• DATA EXCERPTS
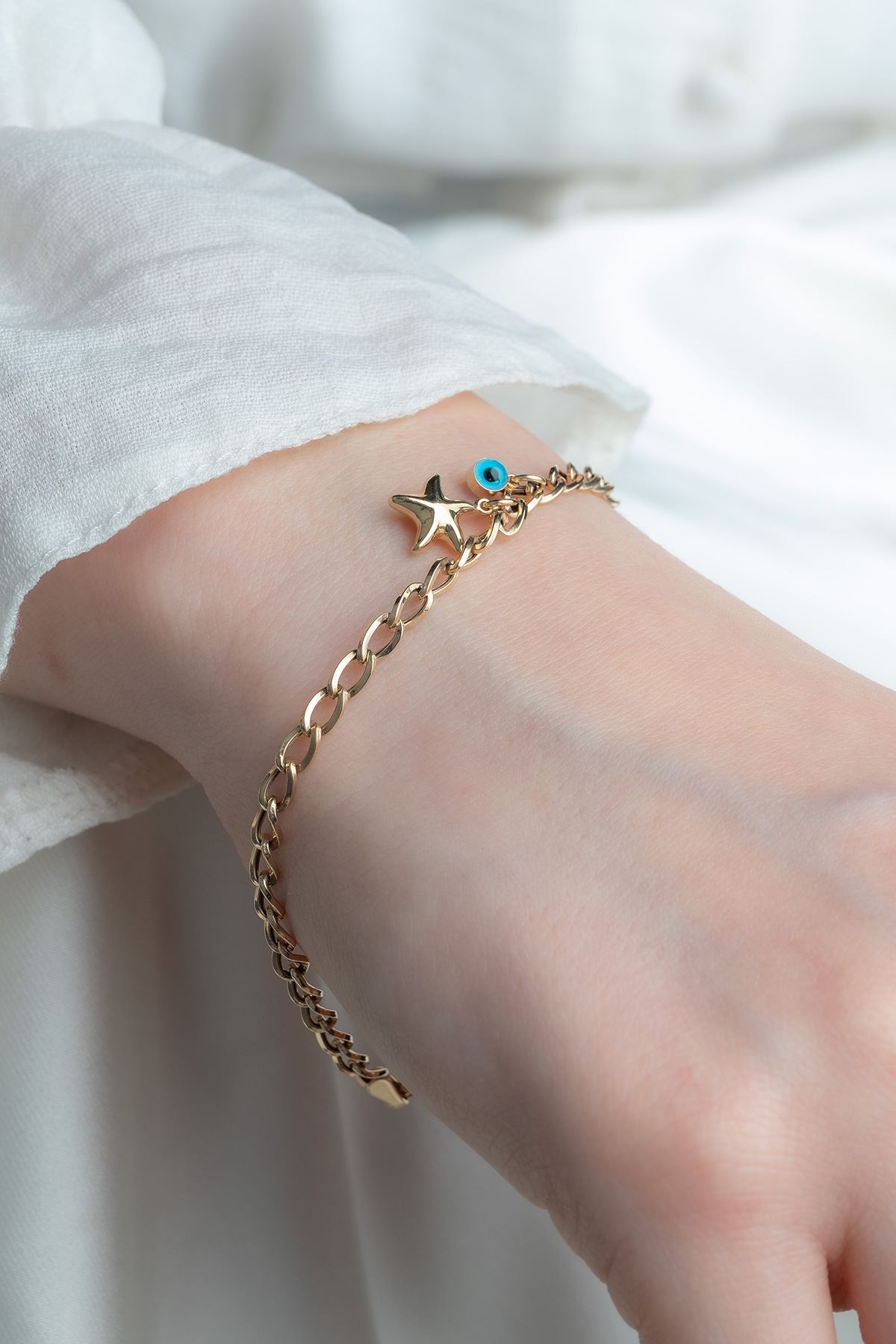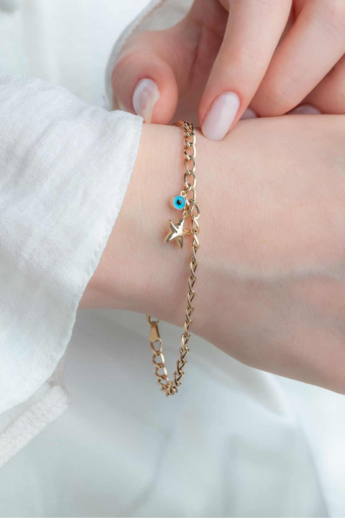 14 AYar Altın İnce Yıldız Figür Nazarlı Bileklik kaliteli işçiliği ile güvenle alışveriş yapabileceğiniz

---

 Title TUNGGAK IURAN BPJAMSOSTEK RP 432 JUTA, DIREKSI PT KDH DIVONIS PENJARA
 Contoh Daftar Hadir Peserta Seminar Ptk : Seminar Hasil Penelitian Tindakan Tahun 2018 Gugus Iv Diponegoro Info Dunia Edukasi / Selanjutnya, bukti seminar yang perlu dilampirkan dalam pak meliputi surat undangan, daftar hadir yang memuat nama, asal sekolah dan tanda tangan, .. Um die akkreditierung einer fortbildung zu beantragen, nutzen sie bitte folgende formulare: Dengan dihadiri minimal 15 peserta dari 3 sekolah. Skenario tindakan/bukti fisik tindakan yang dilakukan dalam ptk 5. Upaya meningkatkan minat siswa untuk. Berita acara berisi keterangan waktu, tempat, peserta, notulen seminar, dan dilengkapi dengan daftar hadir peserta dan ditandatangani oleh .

• DESCRIPTION OF THE TASK
With the line that has "Title TUNGGAK IURAN" as the first and the line that has "Contoh Daftar Hadir" as the last, repeat exactly that run of lines above and no more.

• EXERCISE SOLUTION
 Title TUNGGAK IURAN BPJAMSOSTEK RP 432 JUTA, DIREKSI PT KDH DIVONIS PENJARA
 Contoh Daftar Hadir Peserta Seminar Ptk : Seminar Hasil Penelitian Tindakan Tahun 2018 Gugus Iv Diponegoro Info Dunia Edukasi / Selanjutnya, bukti seminar yang perlu dilampirkan dalam pak meliputi surat undangan, daftar hadir yang memuat nama, asal sekolah dan tanda tangan, .. Um die akkreditierung einer fortbildung zu beantragen, nutzen sie bitte folgende formulare: Dengan dihadiri minimal 15 peserta dari 3 sekolah. Skenario tindakan/bukti fisik tindakan yang dilakukan dalam ptk 5. Upaya meningkatkan minat siswa untuk. Berita acara berisi keterangan waktu, tempat, peserta, notulen seminar, dan dilengkapi dengan daftar hadir peserta dan ditandatangani oleh .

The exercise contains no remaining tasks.